As Lakshmi says, the EFA doesn’t view endometriosis as just a women’s health issue, but as a family issue. She lists three major goals:
Raise public awareness among all sectors of the general population
Foster and encourage research because a cure is possible
Change public policy on how the disease is addressed in medical schools and other educational institutions
When asked what is still needed, Dr. Seckin – who has been treating only endometriosis patients for decades — says, “The sad reality today is that the care for women with endometriosis continues to be noticeably deficient. The number of undiagnosed or misdiagnosed cases is staggering.” He calls it a public health crisis, since it affects 1 in 10 women of childbearing age in the U.S., with as many as 176 million women and adolescent girls worldwide, and is one of the three leading causes of infertility.

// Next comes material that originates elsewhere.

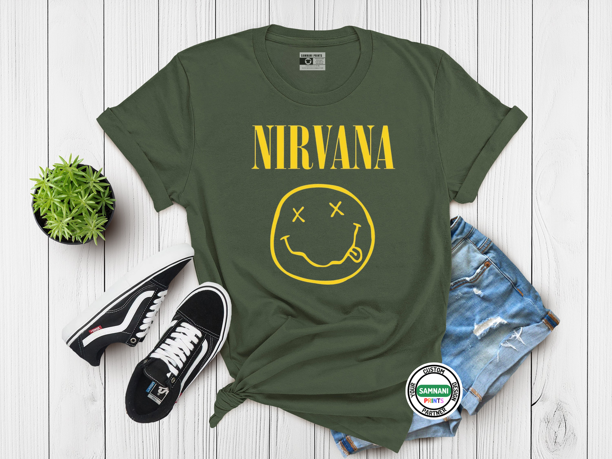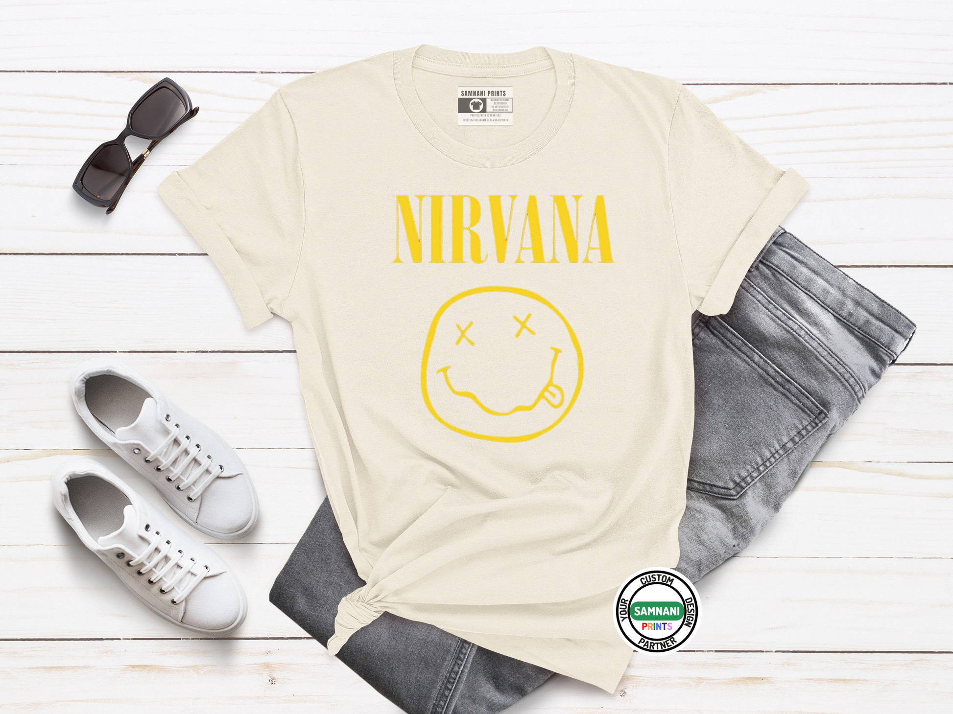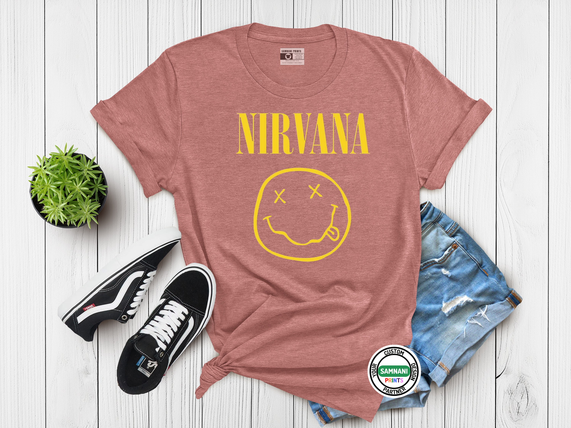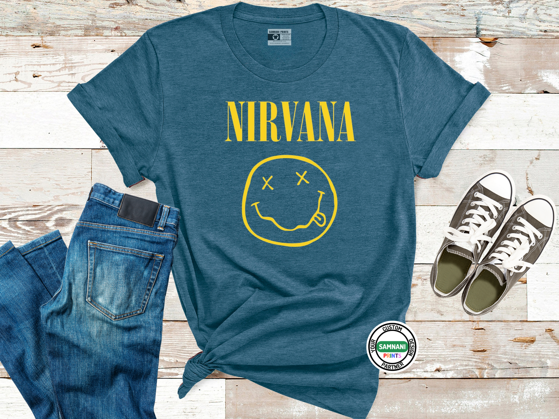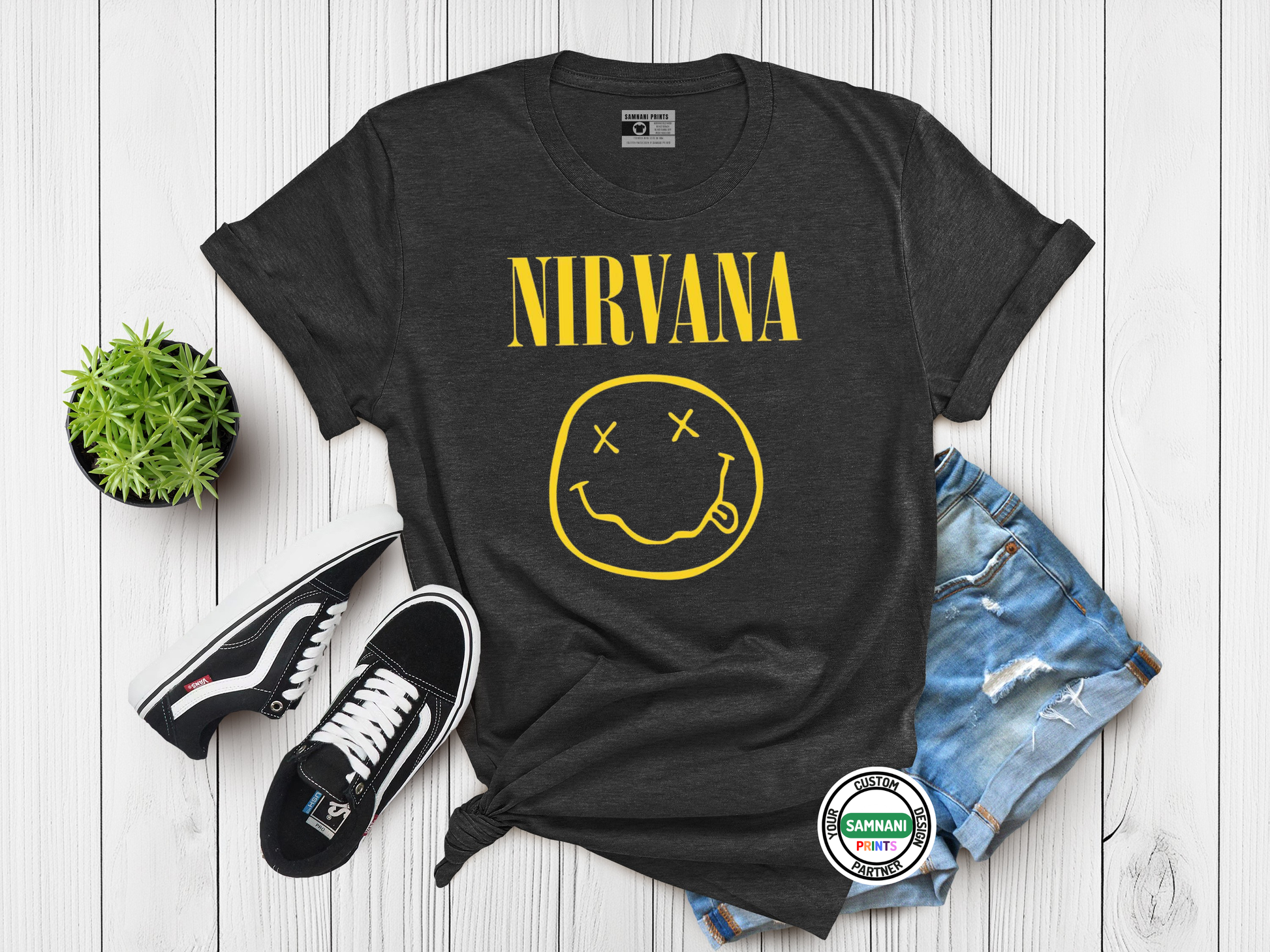 Relive the golden age of grunge with this classic Nirvana band t-shirt! Featuring the iconic smiley face logo and bold "NIRVANA" text, this vintage-inspired graphic tee is perfect for fans of 90s music, alternative rock, and grunge fashion. Whether you're heading to a concert, chilling at home, or styling a streetwear look, this shirt delivers both comfort and timeless edge.

“Both the pharmaceutical industry and medical technology companies have turned a blind eye to the most helpful technique of the endometriosis removal, called excision surgery (when growths and scar tissue are removed or destroyed with intense heat), which is the gold-standard of treatment,” Dr. Seckin says. “What we need is a cure!”

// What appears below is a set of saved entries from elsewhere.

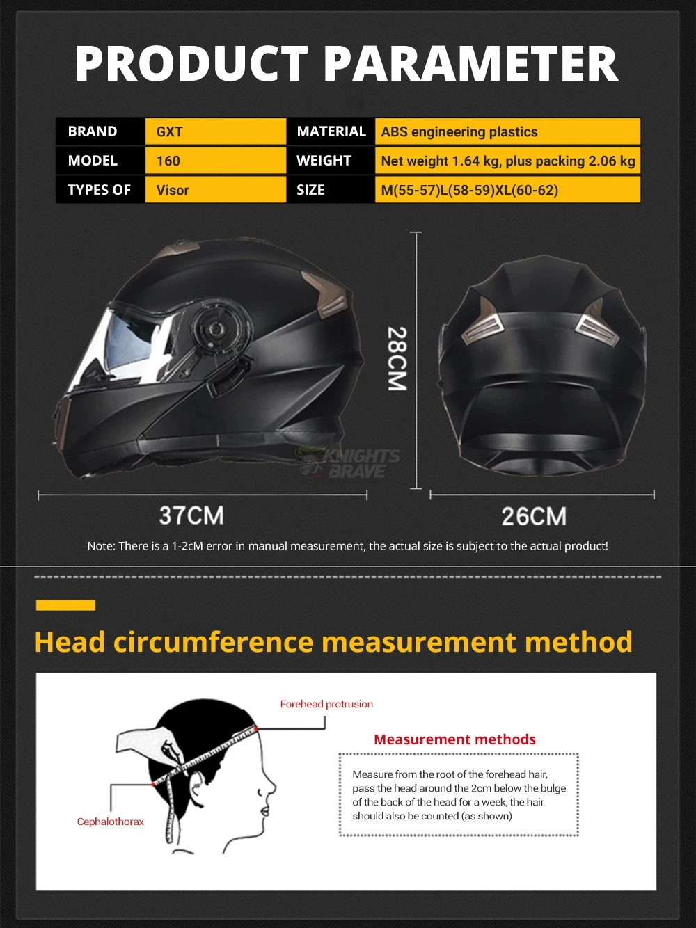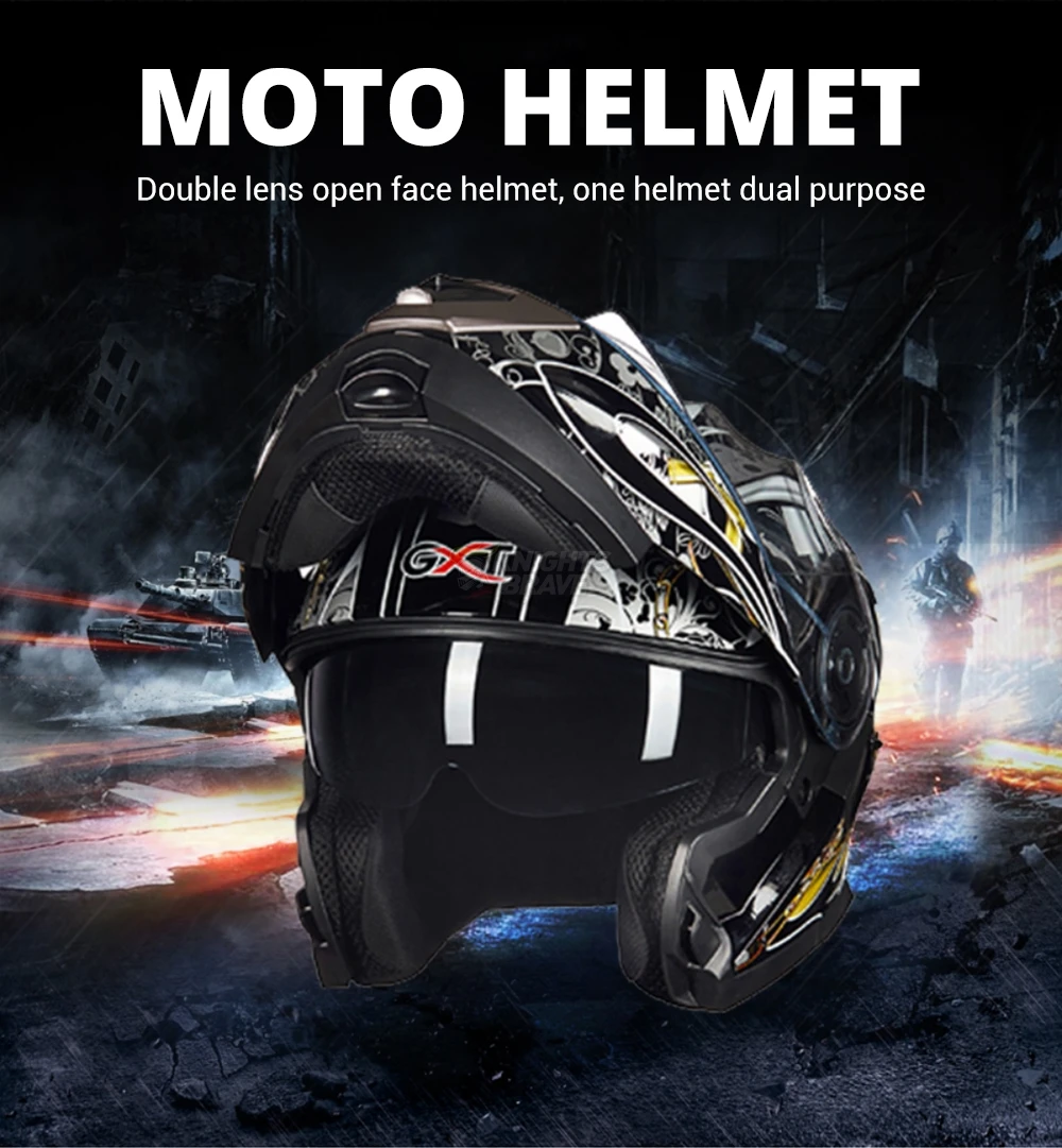 GXT Flip Up Motorcycle Bluetooth Helmet DOT Approved Dual Lens Motorbiker Motocross Helmet Men Casco Moto Capacete Casque M-2XL
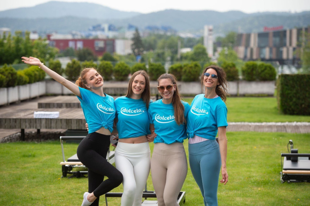 Prijetno druženje na zeleni terasi ljubljanske Kristalne palače v družbi Nives Orešnik, ki je vodila jutranje razgibavanje na pilates reformer napravah, se je nadaljevalo s predstavitvijo novih izdelkov Dolcela HI PROTEIN (Vanilla cake shake in Mug cake).
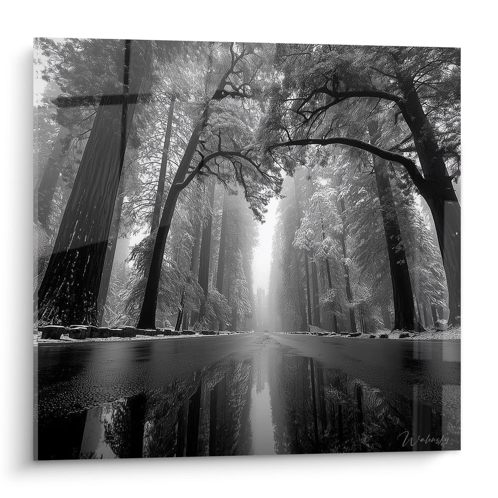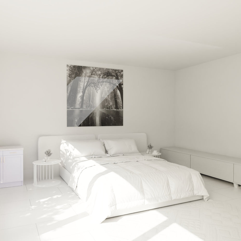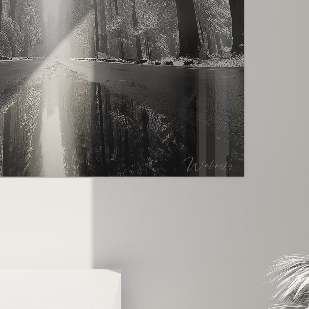 Cette œuvre s'inscrit dans la tradition de la photographie de paysage contemplative, rappelant les travaux d'Ansel Adams pour sa maîtrise du noir et blanc naturel. L'approche artistique évoque également les peintures romantiques du XIXe siècle, où la nature brumeuse exprimait le sublime et l'émotion. Cette décoration intérieure nature s'harmonise parfaitement avec les styles contemporains et zen.

Dr. Seckin’s vision has always been to start a dialogue. “Everyone needs to know about endometriosis. People need to be talking about this disease in the community, in our schools, on college campuses around the world, in the workplace and at the gym, and in the doctor’s office,” he says. He’s petitioning to add it to the recommended curriculum for health education classes, and says in medical school specialty training, it should be mandatory to teach residents the correct way to treat endometriosis patients. Ultimately, a subspecialty should be created, he says.
The co-founders are deeply committed to their cause. “Personally and spiritually, the EFA has been incredibly rewarding because it gave purpose and meaning for what would have otherwise been completely unnecessary suffering,” says Lakshmi.